Целую ваши ноги, чтобы вы пожалели меня.

Оливье».

Ронсьер. 30 июля.

«Друг мой!

Благодарю за ваше письмо! Мне так нужно знать, что вы любите меня! Я пережила ужасные дни. Право, я думала, что тоже умру от горя. Горе было во мне, лежало в груди тяжелым камнем, все возрастало, давило, душило меня. Чтобы успокоить нервные припадки, случавшиеся со мной по четыре-пять раз в день, врач впрыскивал мне морфий; я от него чуть не сошла с ума, а палящая жара, которая стоит у нас, еще ухудшала мое состояние, доводила до острого возбуждения, граничившего с бредом. После сильной грозы в пятницу я немного успокоилась. Надо сказать, что со дня похорон я ни разу не плакала, и вот во время грозы, приближение которой взбудоражило меня, из глаз моих вдруг полились слезы, медленные, редкие, мелкие, жгучие. О, эти первые слезы, как от них больно! Они терзали меня, словно когтями, и горло мое так сжималось, что я не могла перевести дыхание. Потом слезы стали чаще, крупнее, стали менее жгучими. Они ручьем исторгались из глаз, и их было столько, столько, столько, что платок весь вымок и пришлось взять другой. И огромная глыба горя, казалось, размягчалась, таяла и, растаяв, вытекала.

С этой минуты я плачу с утра до вечера, и это меня спасает. Если бы я не могла плакать, в конце концов я действительно сошла бы с ума или умерла. Я тоже очень одинока. Муж разъезжает по округе, и я уговорила его брать с собою Аннету, чтобы поразвлечь и успокоить ее. Они уезжают в экипаже или верхом миль за восемь, за десять от Ронсьера, и она возвращается ко мне свежая, розовая, несмотря на свою печаль, с блеском жизни в глазах, оживленная деревенским воздухом и поездкой. Как прекрасно быть в этом возрасте! Я думаю, что мы останемся здесь еще на две-три недели, а потом, хотя август еще не кончится, возвратимся в Париж по известной вам причине.

Посылаю вам все, что осталось у меня от моего сердца,

Ани».

Париж. 4 августа.

«Не могу больше вынести, дорогой мой друг. Вы должны вернуться, иначе со мною, наверно, что-нибудь случится. Задаю себе вопрос, не болен ли я, — до того сильно во мне отвращение ко всему, что так долго я проделывал с некоторым удовольствием или с равнодушной покорностью. Прежде всего, в Париже такая жара, что по ночам чувствуешь себя, как в турецкой бане.

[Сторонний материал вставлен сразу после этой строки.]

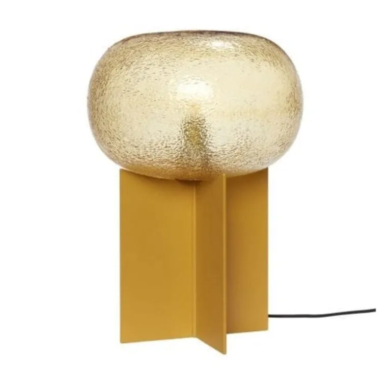Mooie glazen/metalen lamp van het interieurmerk Hubsch. De Hubsch tafellamp in de kleur amber is een echte eyecatcher. Afmeting ø25xh36cm
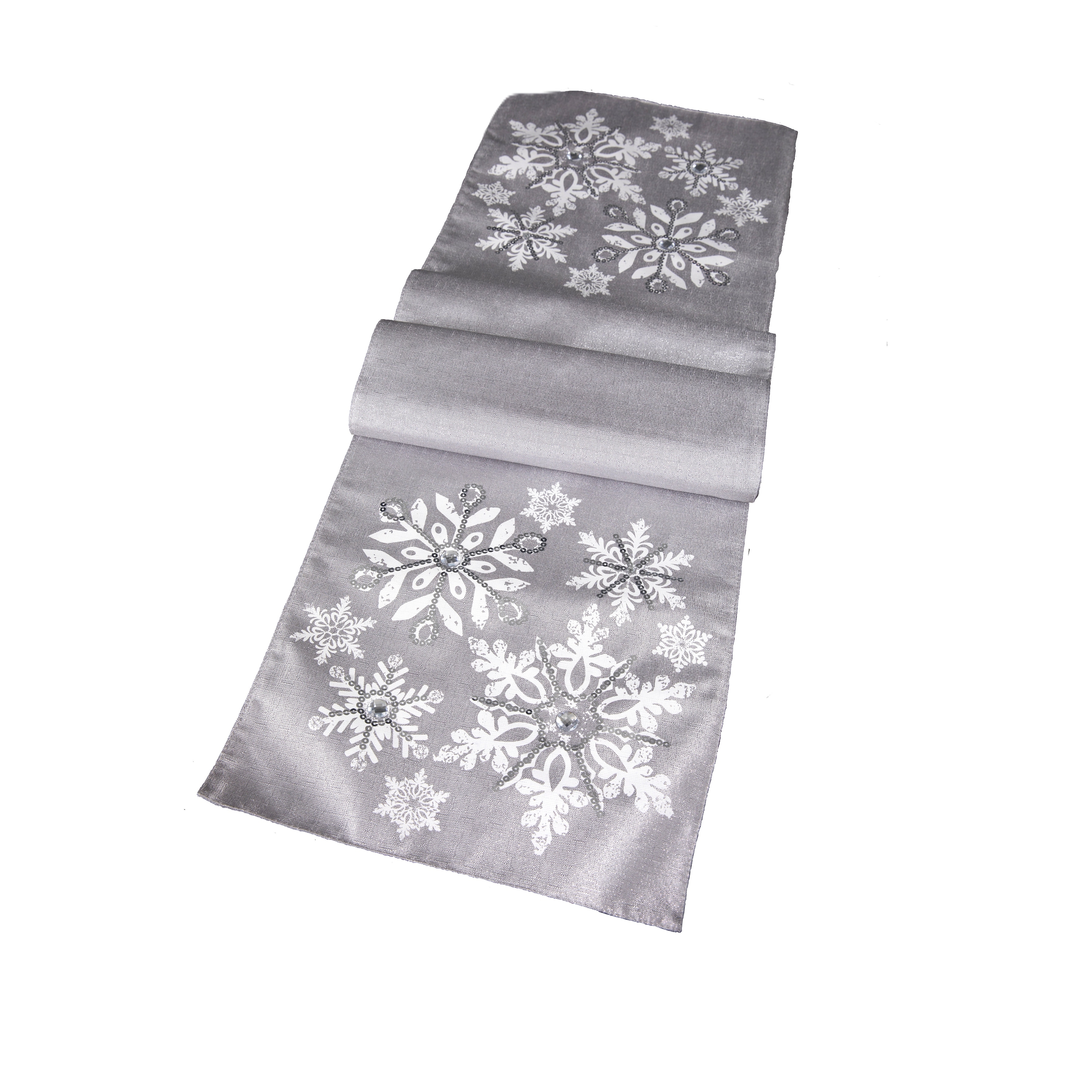 Holiday Poinsettia Embroidered Cutwork Mini Table Runner, 12 by 28-Inch
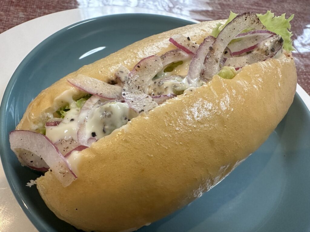 ふわっと軽いコッペパンに、ぷりっとしたエビ、シャキシャキのレタス、まろやかなアボカド、そしてオニオンがバランス良くサンドされています。クリーミーさとさっぱり感の両方を楽しめる一品で、健康志向の方にもおすすめしたい組み合わせでした。
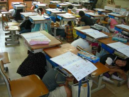 地震の後火災が発生したとの設定で避難訓練をしました。
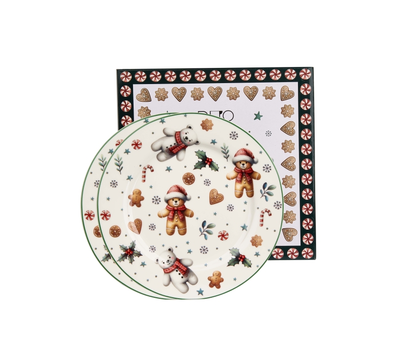 Sada dvoch dezertných tanierov CHRISTMAS CUTIES z vianočnej kolekcie, vyrobená z materiálu New Bone China, ktorá sa vyznačuje elegantnou a prírodnou krémovo bielou farbou s jemným leskom a zároveň výnimočnou odolnosťou.
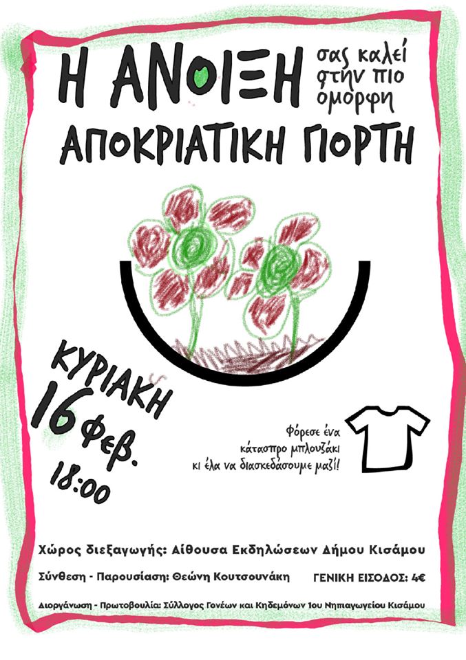 Ο Σύλλογος Γονέων & Κηδεμόνων του 1ου Νηπιαγωγείου Κισάμου σας προσκαλεί την Κυριακή 16 Φεβρουαρίου στις 6 μ.μ. σε μια πρωτότυπη Αποκριάτικη Γιορτή!
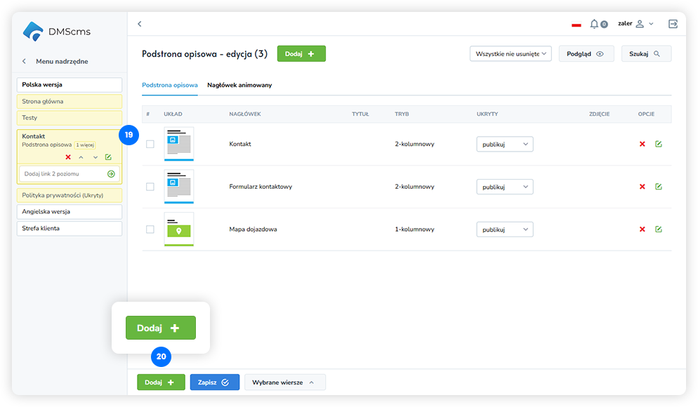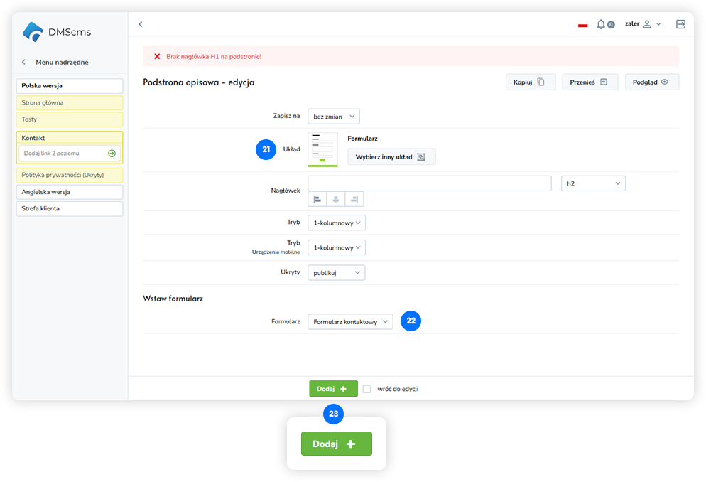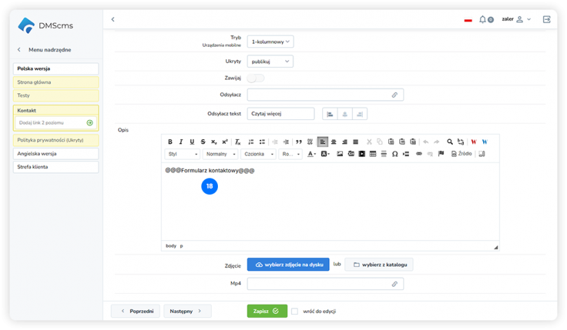 Po zapisaniu formularz zostanie dodany do podstrony jako osobny układ i będzie wyświetlany zgodnie z ustawieniami strony.
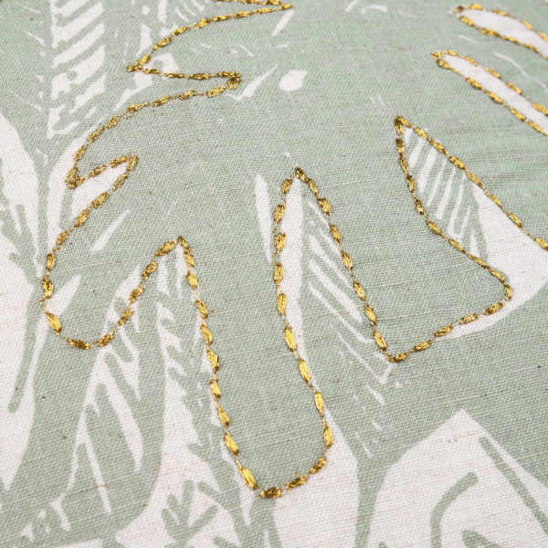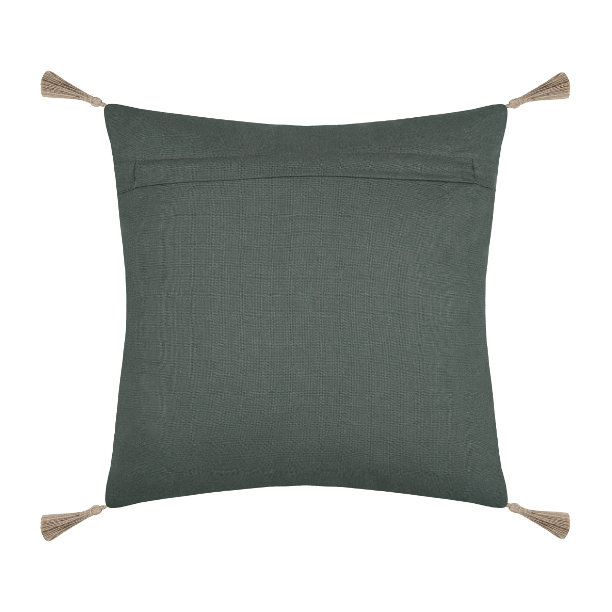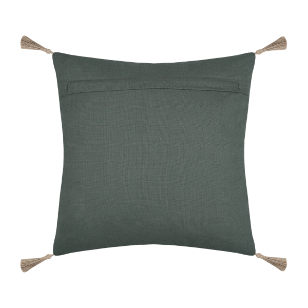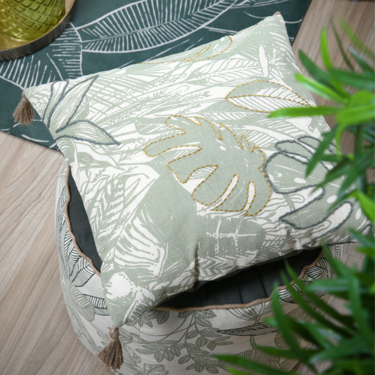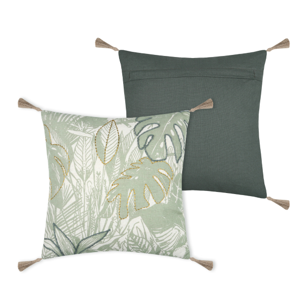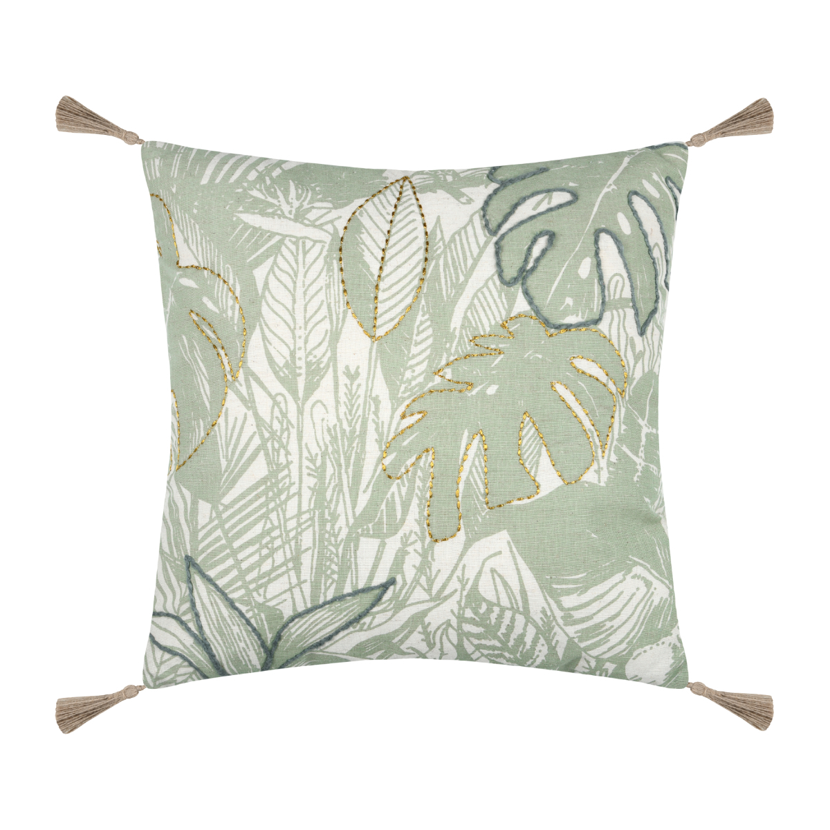 Διακοσμητικό μαξιλάρι σε πράσινες αποχρώσεις με φλοράλ σχέδιο και εκρού-μπεζ λεπτομέρειες. Το εξωτερικό ύφασμα είναι από 85% βαμβάκι-15% λινό ενώ το εσωτερικό γέμισμα πολυεστερική βάτα. Διαθέτει φερμουάρ για να αφαιρείται η γέμιση και διακοσμητικές φουντίτσες στις γωνίες. Συνδυάστε το με τα υπόλοιπα είδη της ίδιας σειράς για ένα ολοκληρωμένο αποτέλεσμα στο χώρο σας.

Я встаю, изнемогая от усталости после такого сна в раскаленной печи, и час или два расхаживаю перед белым холстом с намерением что-нибудь нарисовать. Но мой ум теперь бессилен, глаз бессилен, бессильна рука. Я уже не художник!.. Этот бесплодный порыв к работе приводит меня в отчаяние. Зову натурщиц, ставлю их, но у них те же позы, жесты, та же экспрессия, что я уже писал до пресыщения, и я велю им одеваться и выставляю их за дверь. Право, я уже не способен увидеть что-нибудь новое и страдаю от этого, точно я ослеп. Что это такое? Усталость глаз или мозга, истощение способности творить или переутомление зрительного нерва? Как знать! Мне кажется, что я уже перестал совершать открытия в той области неисследованного, в которую мне дано было проникнуть. Теперь я замечаю только то, что известно всем; делаю то, что делали все плохие живописцы; зоркость и наблюдательность теперь у меня не выше, чем у любого пошляка. Бывало, еще совсем недавно, количество новых тем казалось мне беспредельным, и я располагал такими разнообразными способами для их выражения, что затруднялся в выборе из-за этого обилия. И вот мир представлявшихся мне сюжетов вдруг оскудел, а моя пытливость стала бессильной и бесплодной. Проходящие мимо люди уже лишены для меня смысла; я не нахожу больше во всяком человеческом существе того характера и того вкуса, которые так любил распознавать и делать видимым для всех. Однако я думаю, что мог бы написать прекрасный портрет вашей дочери. Не потому ли, что вы так схожи друг с другом, я и смешиваю вас воедино в моих мыслях? Да, может быть.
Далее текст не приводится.